Judges OK plan to release inmates early



The first to be released will be those recently shipped to other counties.
YOUNGSTOWN -- Mahoning County's common pleas court judges have approved an emergency policy to allow Sheriff Randall Wellington to start releasing inmates from the county jail.
A judgment entry signed Wednesday by the trial division judges -- R. Scott Krichbaum, Maureen A. Cronin, Jack M. Durkin, James C. Evans and Maureen A. Sweeney -- said the release policy is to take place immediately "to resolve the lack of staffing due to inadequate funding at the Mahoning County Jail."
The early-release plan would have been discussed when the judges had their monthly meeting Monday, but the urgency of the situation prompted them to act immediately.
Wellington said he will immediately start releasing prisoners in accordance with a 13-step ascending range used to release prisoners in 1999 from the jail on Fifth Avenue and in the early 1990s from the old county jail on West Boardman Street.
The sheriff said he will follow the 13 stages until he reaches his goal of having about 140 prisoners at the lockup.
The sheriff said he expects to release most -- if not all -- of the roughly 162 inmates shipped out in the past week or so to be housed in other counties' jails. He said his department will provide the inmates transportation back to Youngstown.
Major savings
The savings to the county is likely to be about $10,000 a day, figuring the average cost of incarceration elsewhere is $62 per inmate per day.
The sheriff said some inmates housed in the jail may still be sent to stay in other counties' jails if they don't meet the release criteria and if keeping them here means the jail is too full for the number of guards it has left.
The sheriff has laid off 50 deputies and expects to lay off another 62 on April 10.
The transfer of prisoners to other jails prompted the commissioners to ask the judges Monday to sign off on a prisoner-release policy to stop Mahoning from incurring the cost of housing prisoners in other jails that would exceed the amount of money allocated to the sheriff's current $7.5 million budget.
Under the release policy, the first inmates to be let go are those confined in jail on bond on nonviolent misdemeanors awaiting arraignment and held subject to court order or warrant. They would be issued a summons to appear in court at that court's next regular session.

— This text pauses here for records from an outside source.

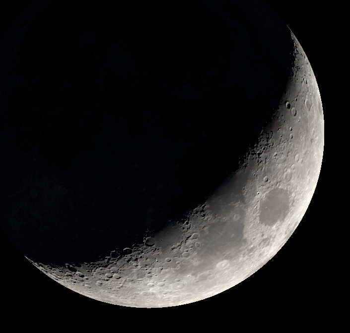 The Moon is a great first target for that Christmas telescope. Over the weekend we began a new lunar month so that the Moon appears as a crescent in the southwestern sky after sunset. The first time I looked at the Moon with the telescope or looked at anything in the sky, actually, I found it very difficult to aim the telescope correctly. The field of view of the telescope is very small compared to what you can see with the naked eye. Always start with the lowest power eyepiece because it gives the widest field of view for finding what you’re looking for. It does take a little practice to learn how to aim a telescope, but the moon is a wonderful object to look at because it’s really big and very bright.
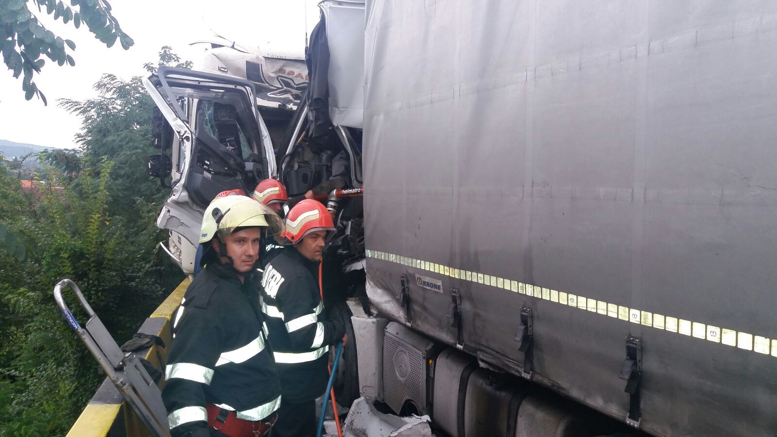 Doua TIR-uri s-au ciocnit frontal, miercuri dupa-amiaza, pe DN 7, in zona comunei Bujoreni din judetul Valcea, soferii fiind incarcerati. Traficul este blocat complet in urma accidentului.
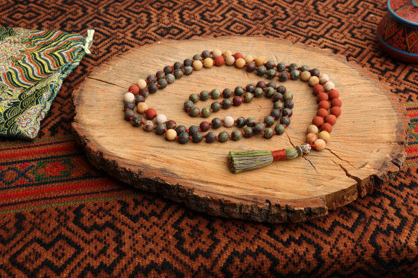 These traditional 108 prayer beads, known commonly as a mala, are used for the practice of japa, the act of repeating a mantra 108 times in prayer. They are handmade lovingly, using the traditional mala knot known as brahmagranti.
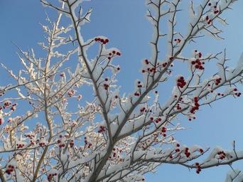 Keywords: hawthorne tree red berries snow hawthorn tree branch berry red winter storm

Next to be released would be any inmate determined not to be indigent and serving time in lieu of payment of fines and costs who has completed serving the initial sentence.
The third release mechanism would be inmates confined for conviction of nonviolent misdemeanor offenses who have served 70 percent of their sentence.
The release criteria extends to all inmates confined for violent misdemeanors. They will be put on a waiting list and recalled to jail once there is room for them.
Inmates who are in jail for violent crimes or who are awaiting to be taken to prison will not be released.